» **PROBLEM TO WORK ON**:
The answer must be a single number: how many lines of the records below contain "from".

» **SOURCE INFORMATION**:
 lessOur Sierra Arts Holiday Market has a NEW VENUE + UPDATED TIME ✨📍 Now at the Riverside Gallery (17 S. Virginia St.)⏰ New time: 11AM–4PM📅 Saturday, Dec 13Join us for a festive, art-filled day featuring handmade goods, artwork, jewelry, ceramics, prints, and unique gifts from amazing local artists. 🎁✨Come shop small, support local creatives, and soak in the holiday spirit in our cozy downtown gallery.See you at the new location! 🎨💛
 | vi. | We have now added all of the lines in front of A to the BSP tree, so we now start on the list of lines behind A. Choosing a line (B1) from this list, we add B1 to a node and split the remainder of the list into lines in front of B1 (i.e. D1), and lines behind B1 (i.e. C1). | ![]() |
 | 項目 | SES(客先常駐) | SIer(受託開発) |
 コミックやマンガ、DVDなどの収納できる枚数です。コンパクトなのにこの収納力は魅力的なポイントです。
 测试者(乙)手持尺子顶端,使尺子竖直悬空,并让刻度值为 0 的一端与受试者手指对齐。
--
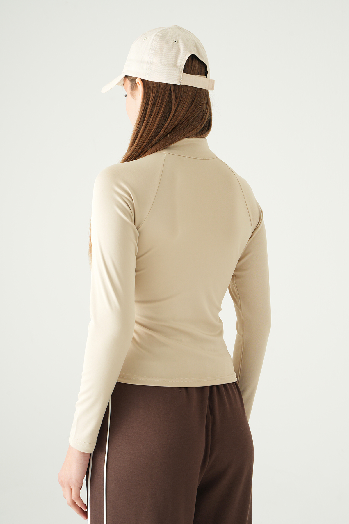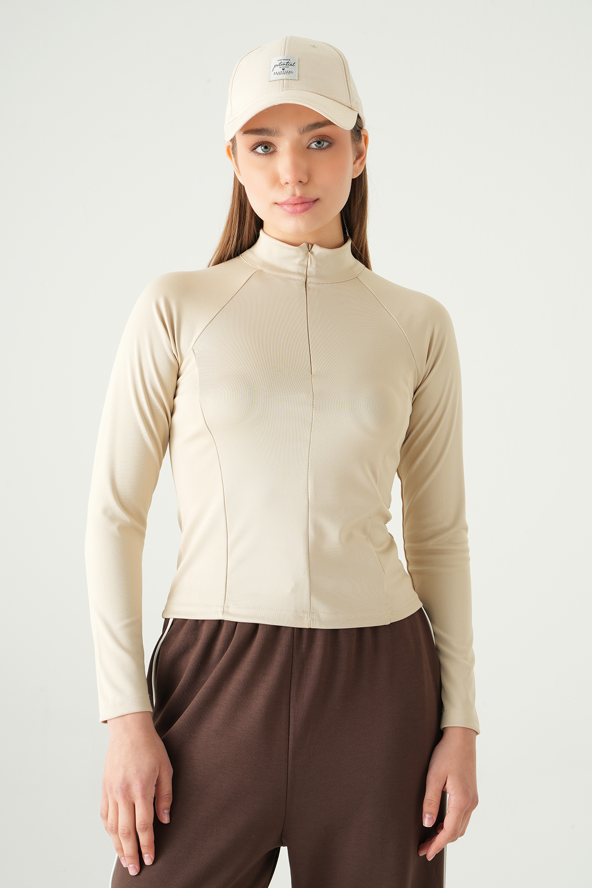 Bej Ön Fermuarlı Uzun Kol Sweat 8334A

» **SOLUTION**:
2